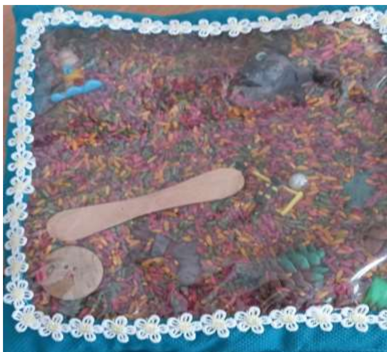
Тактильная подушечка, наполненная бросовым материалом.
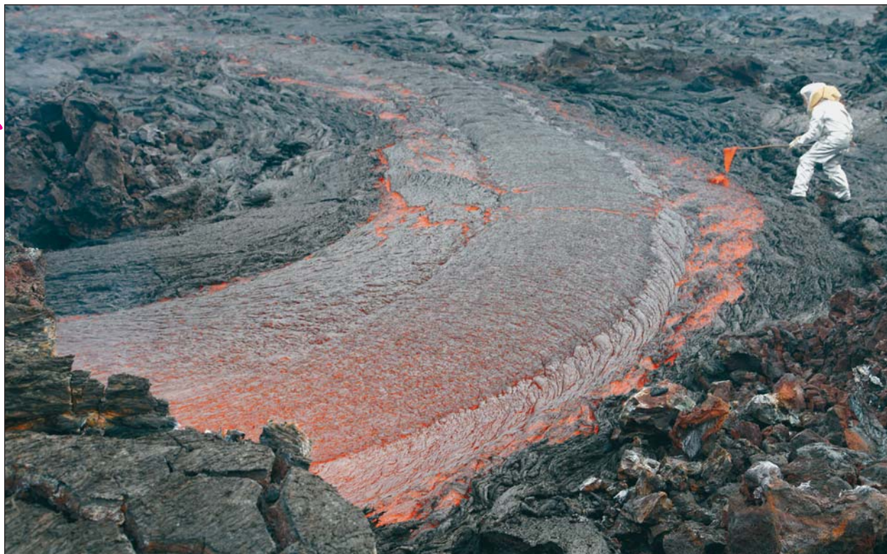
Рис. 6. Лавовая река, выходящая из лавовода в 1 км от активного шлакового конуса. Вулканолог в теплоизолирующем костюме отбирает пробу базальтового расплава. 19 марта 2013 г.
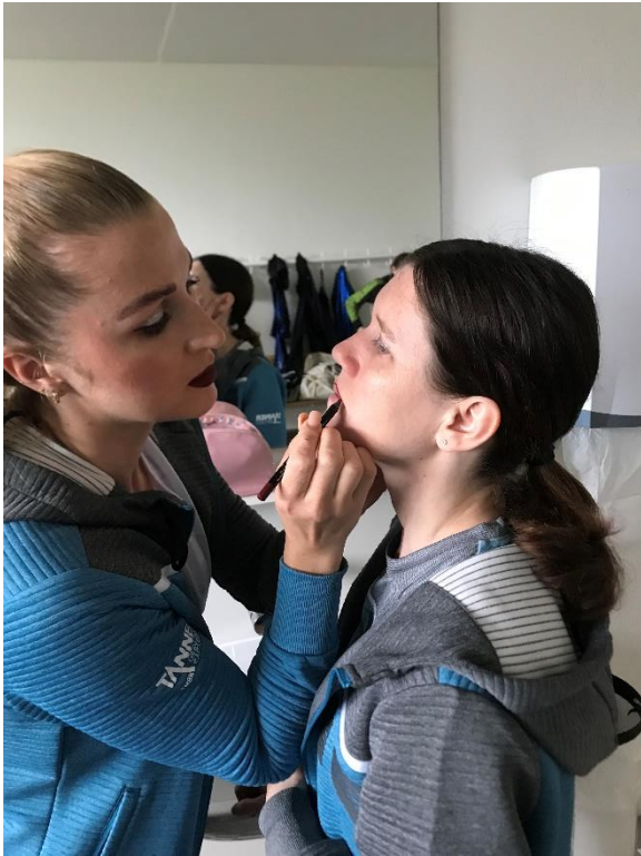
Ds obligatä Schminkä voräm Uftritt

Am Samschtig, 20. Mai 2023 hei mir (7 Turnerinnä) a dä Frühlingsmeisterschaftä im Verbandsturnä ds Roggu teilgno. Mir si scho chli närvös gsi, wüeu mir ersch grad si fertig wordä mit üsärä Choreo u dä Formationä u mirs drum no nid so viu hei chönnä dūrätürnä voräm Uftritt. Absägä isch aber nid i Frag cho u drum hei mir dä Uftritt aus Houptprob für ds Turnfescht u aus Wettkamftluft-Schnupperä agluägt.
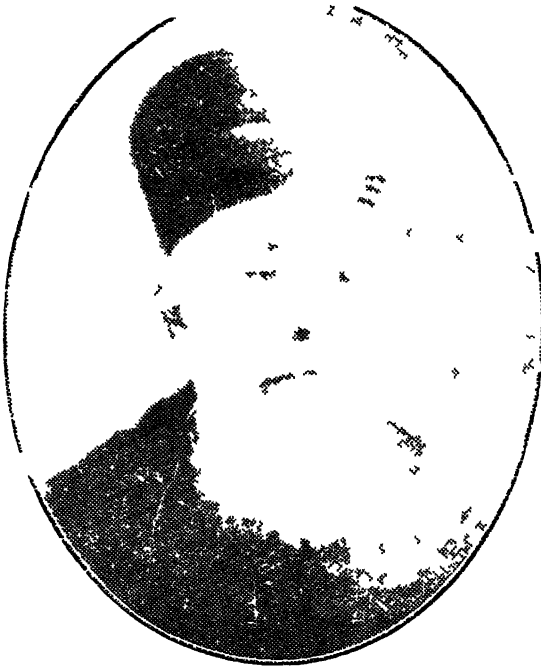
ऋषिकल्प दादाभाई नौरोजी
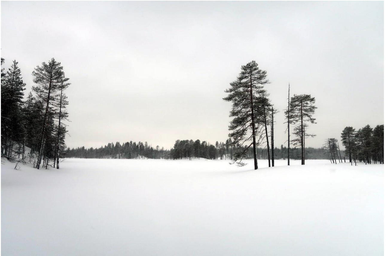
Фото 29. Каноничный карельский пейзаж озера Красная Ламбина.
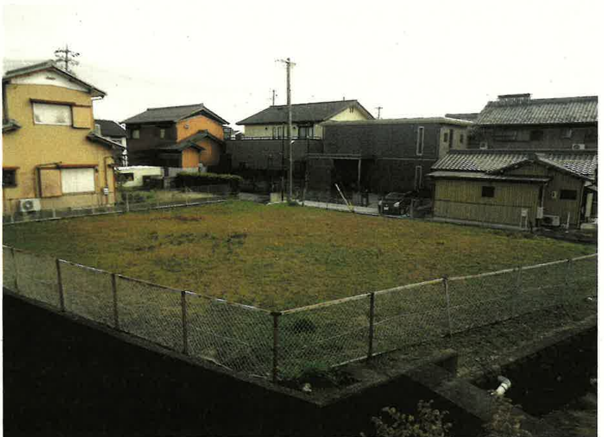
対象不動産 遠景(北西側より)
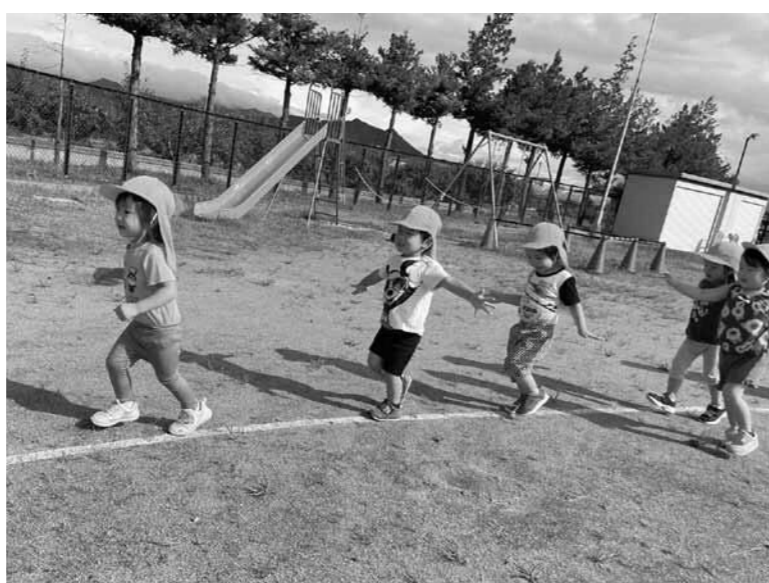
▲子どもたちの健やかな成長には保育士の寄り添いが大切

イドラインを示したが、子どもの心身に有害な影響を与えないためには、問題として捉える共通認識が必要では。 民間施設に対しても、保育の実施主体である町として、役割をどう果たしていく考えか。 答 今回の調査の中で、保育現場では相当な不安を抱えていることも
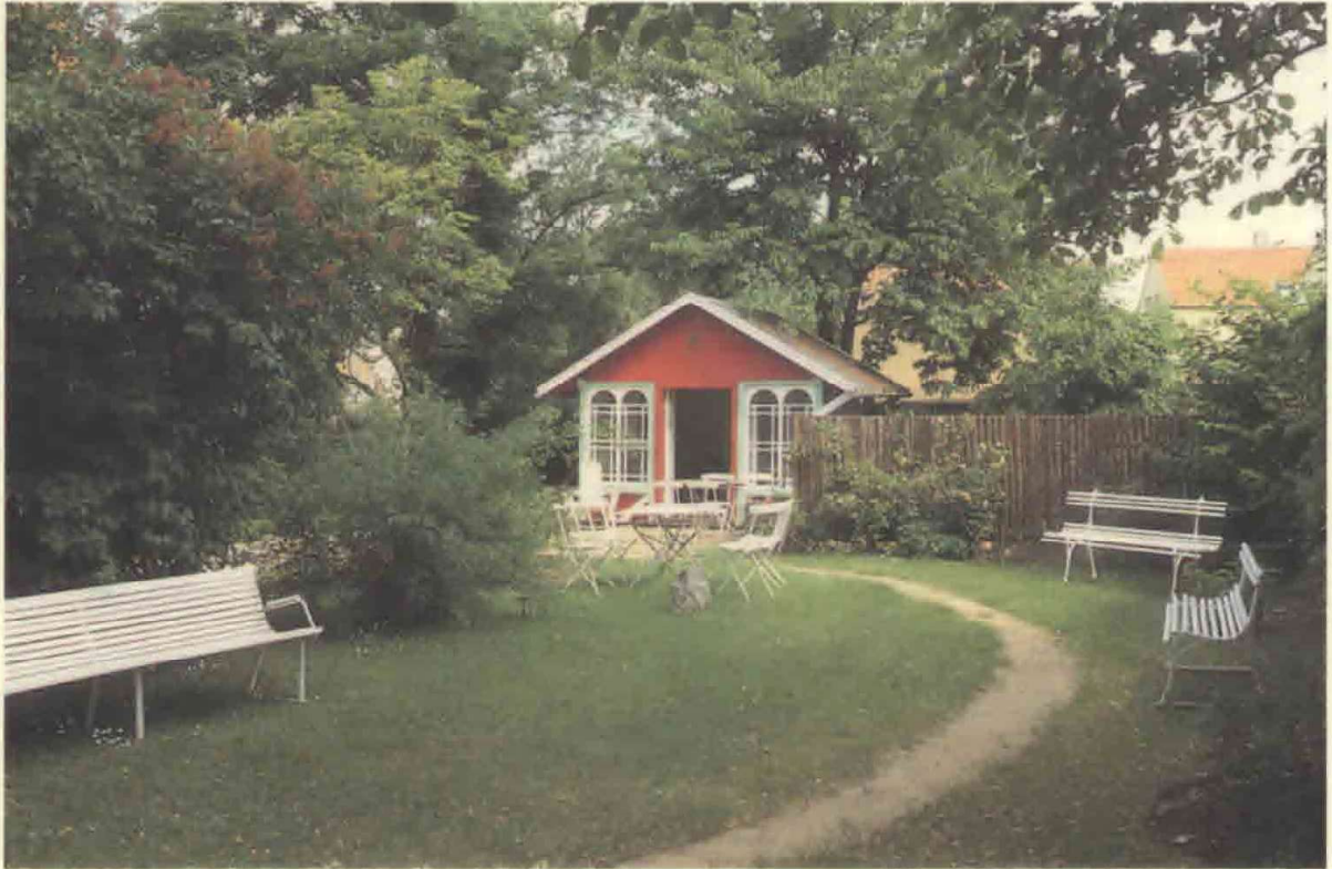
1. Det nuværende havehus står præcis, hvor det gamle hus stod. Med sin dør i midten, to sprossevinduer og tagrejsning minder det meget om det oprindelige havehus.
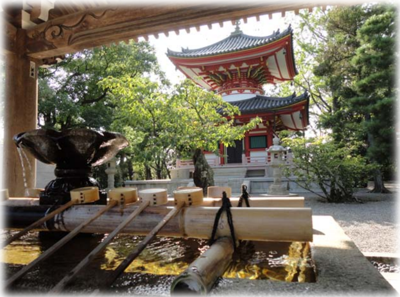
Tahōtō (pagode) van Chion-in
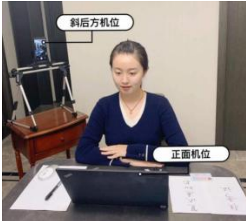
主机位要求如左图
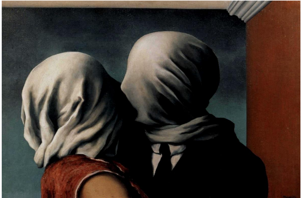
Les amants de Magritte

Association Lacanienne Internationale Bretagne
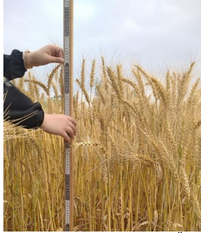
Şekil 3.3. Denemede Bitki Boyu Ölçümü

Başak Sap Uzunluğu (cm): Her parselde rastgele seçilen 10 bitkinin bayrak yaprak boğumu ile başak eksenindeki uzunluk olarak saptanmıştır.
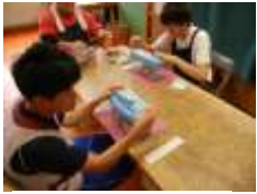
シュレッダー作業
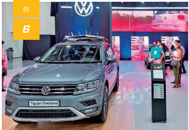
En el mes de septiembre, el 'Autoshow Guayaquil 2021' contribuyó a reactivar al sector automotor en el Puerto Principal.
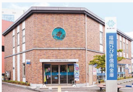
福岡ひびき信用金庫 門司港支店 支店長
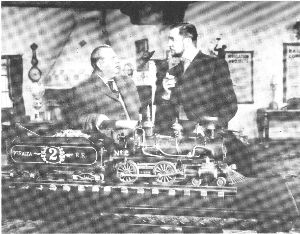
THE BARON OF ARIZONA (oben)
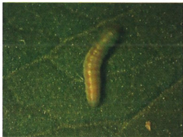
Tuta absoluta - larvă

Larvele de vârstă a IV-a trăiesc în galeriile din frunze, unde se hrănesc și se dezvoltă. Acestea afectează direct foliajul, mugurii terminali, florile și fructele. Larvele mature, de obicei, cad de pe plante și pătrund în sol unde produc coconi subțiri, mătăsoși, care se transformă în prepupe și pupe.
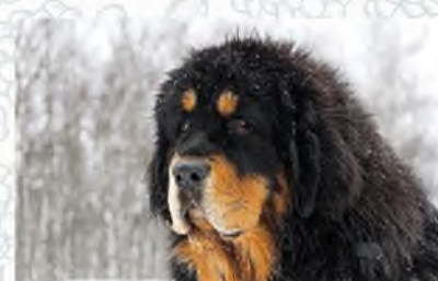
Тибетский мастифф (охранник)
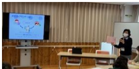
ボランティアセンター
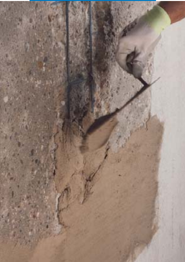
Applicazione a cazzuola di Planitop Rasa & Ripara
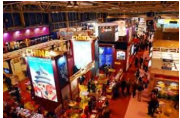
Imatge de l'interior de la Fitur de Madrid

La participació a Fitur permetrà a tots aquests organismes definir línies de treball, estratègies i aliances empresarials per tal de dinamitzar i reforçar l'activitat turística, innovant per atendre les demandes del mercat. Fitur és una de les principals fires turístiques del món. Enguany comptarà amb 9.500 expositors de 167 països i territoris, que ocupen deu pavellons del recinte firal madrileny. En la passada edició, el certamen va aplegar més de 209.000 visitants, entre professionals i públic en general.
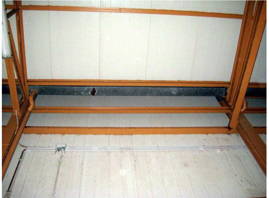
Foto n. 15. Anche nel locale gruppo elettrogeno del capannone B-2 ci sono

━━━━━━━━━━

Track down every line in the entries that includes the string "Uftritt", and copy it.

Ds obligatä Schminkä voräm Uftritt
Am Samschtig, 20. Mai 2023 hei mir (7 Turnerinnä) a dä Frühlingsmeisterschaftä im Verbandsturnä ds Roggu teilgno. Mir si scho chli närvös gsi, wüeu mir ersch grad si fertig wordä mit üsärä Choreo u dä Formationä u mirs drum no nid so viu hei chönnä dūrätürnä voräm Uftritt. Absägä isch aber nid i Frag cho u drum hei mir dä Uftritt aus Houptprob für ds Turnfescht u aus Wettkamftluft-Schnupperä agluägt.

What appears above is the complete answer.